Unscom lab safety probed

Unscom left a laboratory and equipment in Baghdad

United Nations weapons inspectors are to investigate the safety of a batch of chemicals they left behind in the Iraqi capital, Baghdad.


[ image: Ambassador Lavrov: Concern over what was left behind]
Ambassador Lavrov: Concern over what was left behind
Alarmed at the potential threat posed by the chemical agents, Russia has demanded that the Unscom team advise the UN Security Council on how best to deal with the samples.

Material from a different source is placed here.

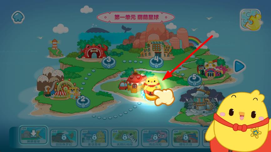 2、进入学习单元页面,如第一单元萌萌星球,跟随指引点击相应的学习关卡,像图中被点亮指引的位置。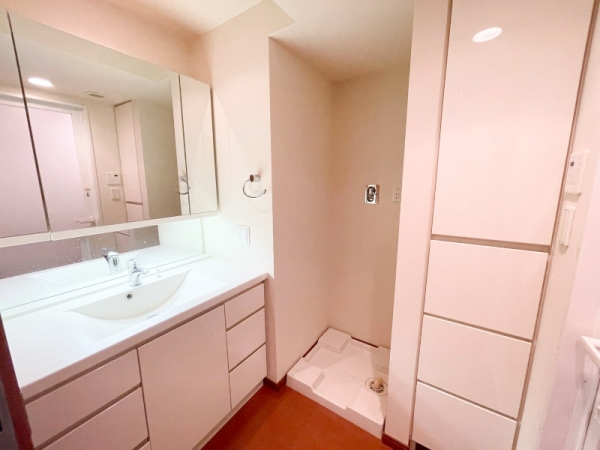 洗濯機置き場と収納棚も完備されています。

Russia's UN ambassador, Sergei Lavrov, wants assurances that what he calls an unbiased team will be despatched to Baghdad to remove and neutralise the chemical agents, which were left in the organisation's offices.

Western diplomats have accused Russia of exaggerating the threat posed by the chemicals as part of a long-term campaign against both Unscom and its outgoing chief, Richard Butler.

'Miniscule amounts'


[ image: Weapons of war - Iraqi 122mm rockets being destroyed]
Weapons of war - Iraqi 122mm rockets being destroyed
The team - which had been investigating Iraq's chemical and biological weapons capability - left behind a small quantity of Iraqi-made mustard gas, and chemicals used to test its laboratory equipment.

The inspectors pulled out of Iraq in December 1998, hours before the US and Britain launched air strikes. Inspections work has now ground to a halt.

The Security Council is still considering what kind of agency should take over the job of monitoring weapons in Iraq.

There are two rival schemes under discussion - one proposed by Russia and the other by Britain and the Netherlands.

Unscom says it was already assessing how to deal with the mustard gas and with the samples, which it describes as minuscule and not dangerous.